Input for this task:
⟨

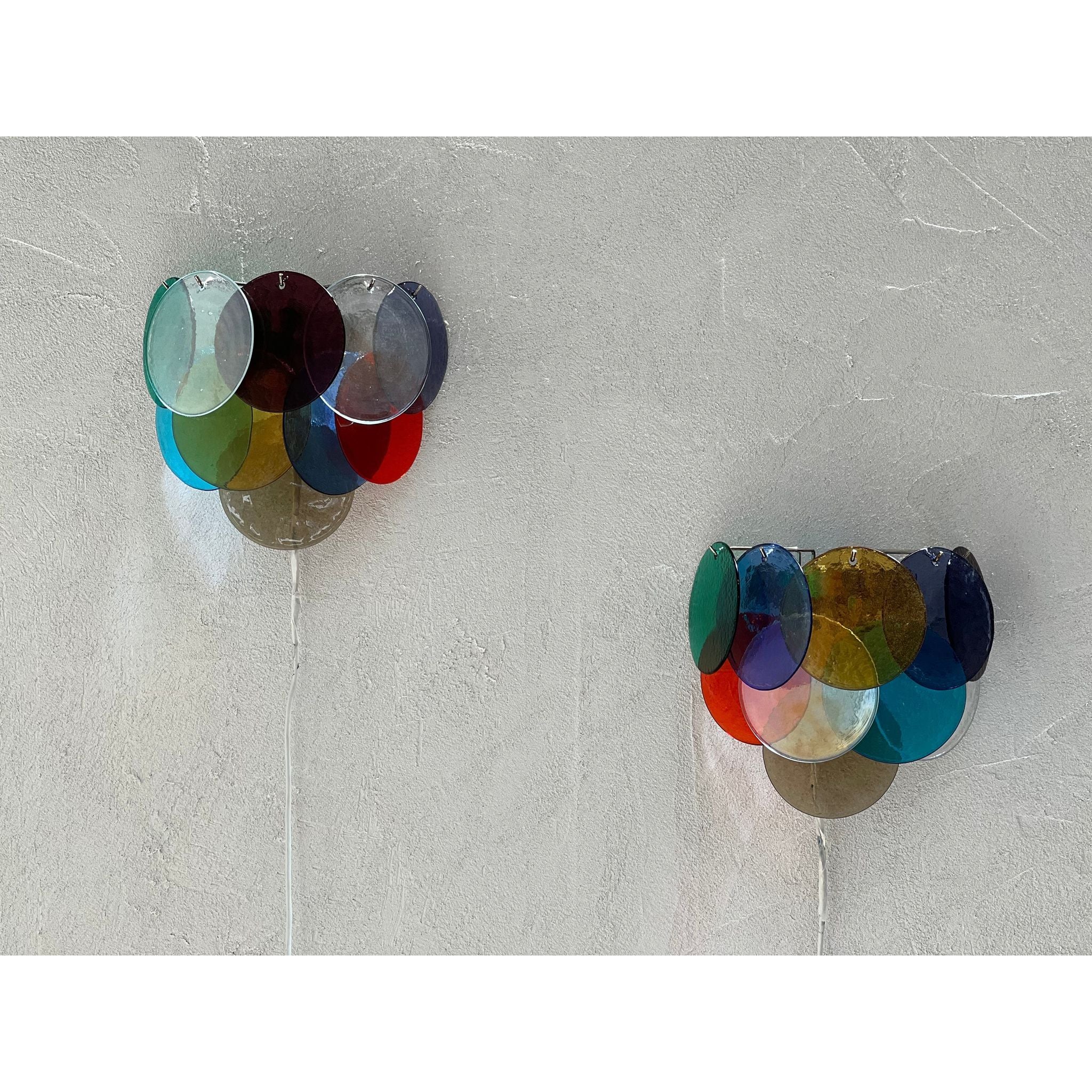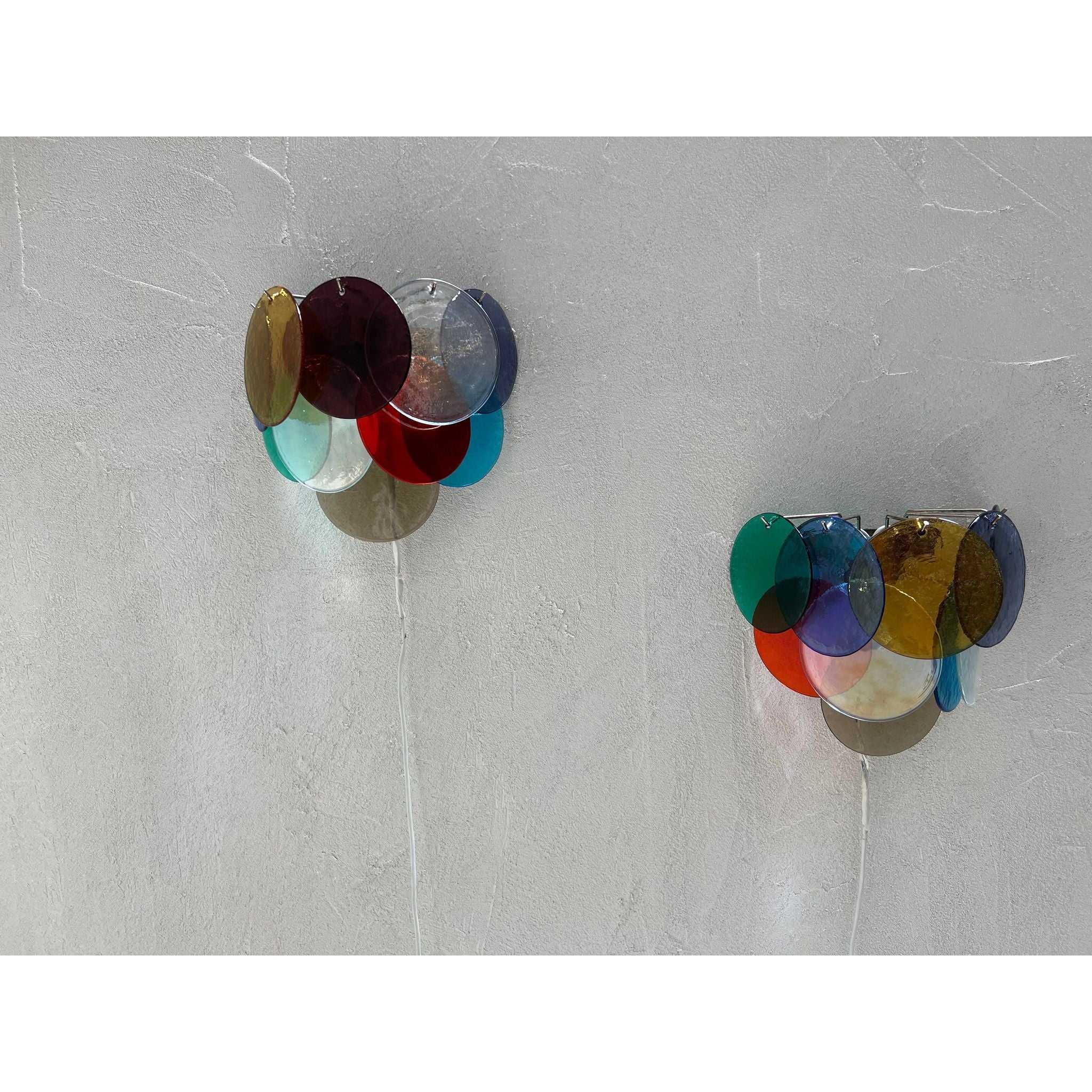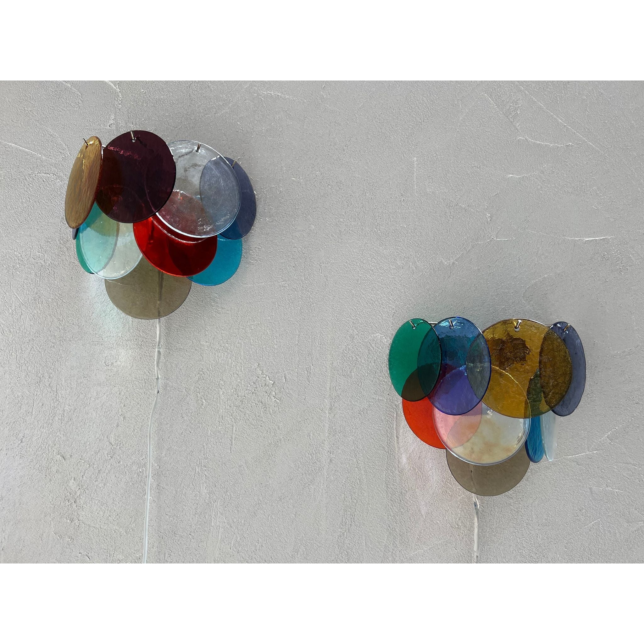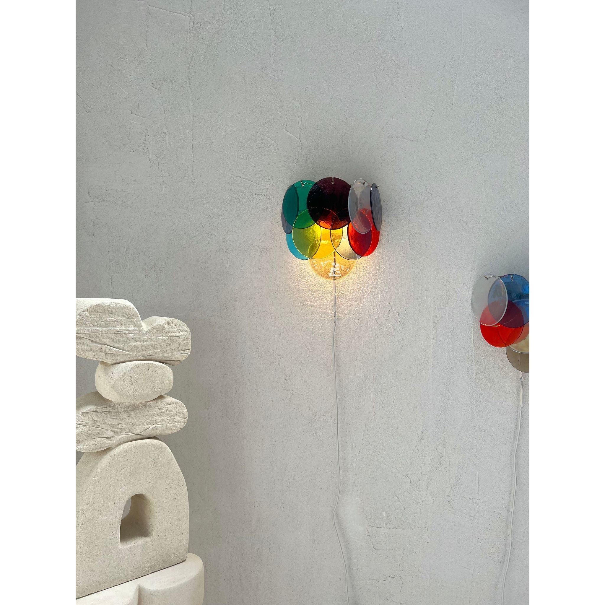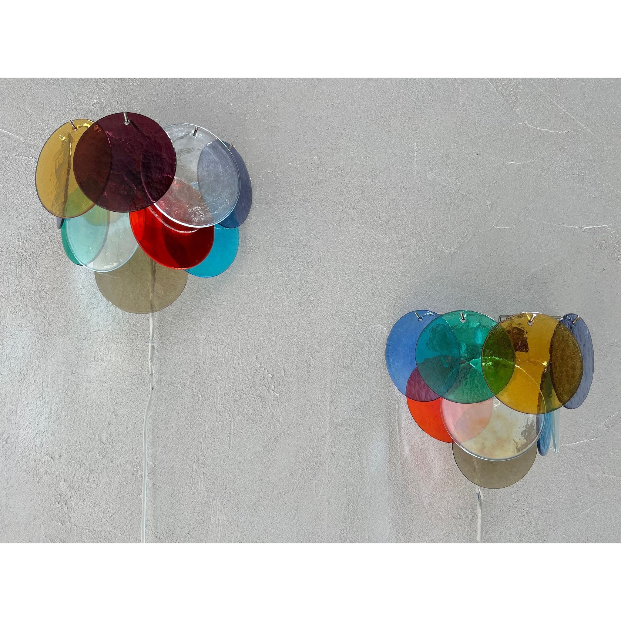 Stunning vintage Italian Murano Vistosi sconce, with 10 multi coloured Murano glass discs hanging on a metal frame.
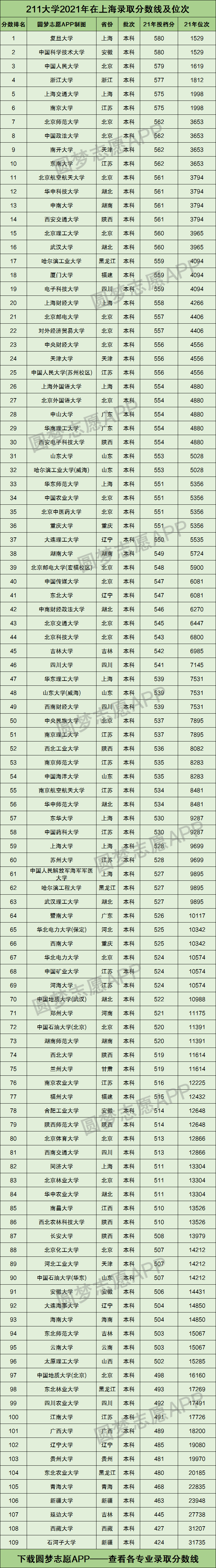 下图为全国211大学在上海的录取分数线及位次排名,以位次高低为标准,进行的排序:
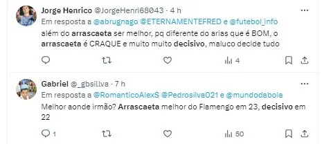 “Arrascaeta também. Ele tem uma magia. Estou com o Eric. Se fizer um top-5 de jogadores que mudam o jogo no Brasil, o Arias está facilmente na lista, mas o Arrascaeta, que também está nesta lista, tem uma mágica diferente”, afirmou Ana Thaís Matos.
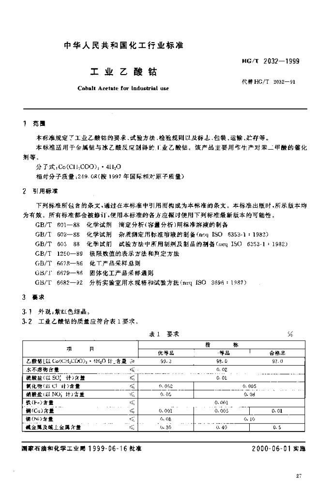 HG/T 2032-1999 工业乙酸钴
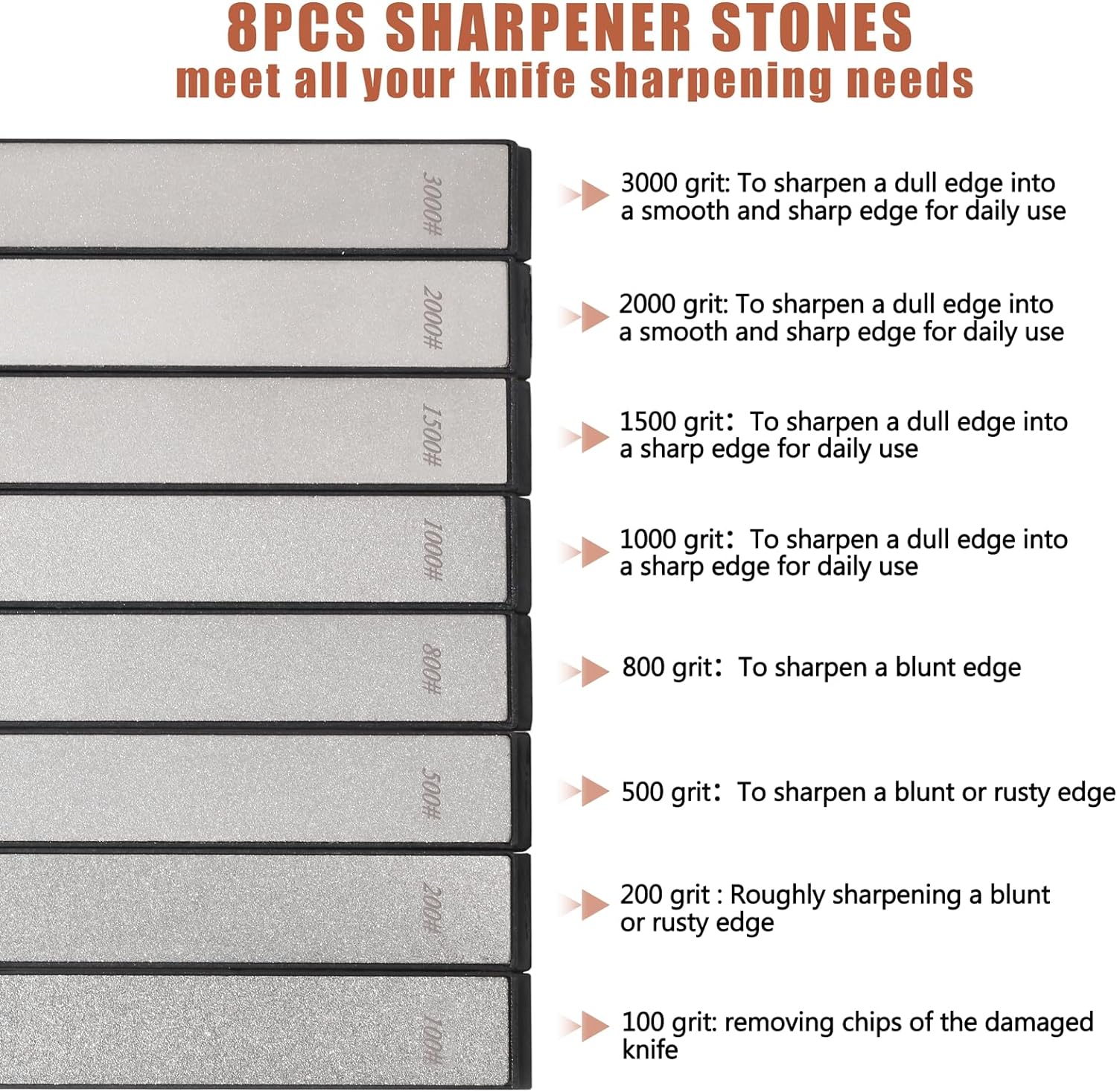 - 【Affordable & Practical Set】The set includes 8 diamond sharpening plates. This 8 grit combination allows customization of the sharpening process to meet speed and smoothness needs.
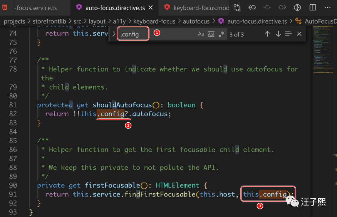 以 Visual Studio Code 为例,假设我想查看名为 config 的属性在 Component 里所有的出现场景(Occurances), 需要 Ctrl + F 打开搜索框,输入 .config. 这样,代码中所有出现 .config 的位置,会被高亮显示。

⟩

Exercise objective:
Repeat exactly the lines from the first line of the records above through the line containing "- 【Affordable &", both included. Leave out the pictures.

Exercise solution:
 Stunning vintage Italian Murano Vistosi sconce, with 10 multi coloured Murano glass discs hanging on a metal frame.
 下图为全国211大学在上海的录取分数线及位次排名,以位次高低为标准,进行的排序:
 “Arrascaeta também. Ele tem uma magia. Estou com o Eric. Se fizer um top-5 de jogadores que mudam o jogo no Brasil, o Arias está facilmente na lista, mas o Arrascaeta, que também está nesta lista, tem uma mágica diferente”, afirmou Ana Thaís Matos.
 HG/T 2032-1999 工业乙酸钴
 - 【Affordable & Practical Set】The set includes 8 diamond sharpening plates. This 8 grit combination allows customization of the sharpening process to meet speed and smoothness needs.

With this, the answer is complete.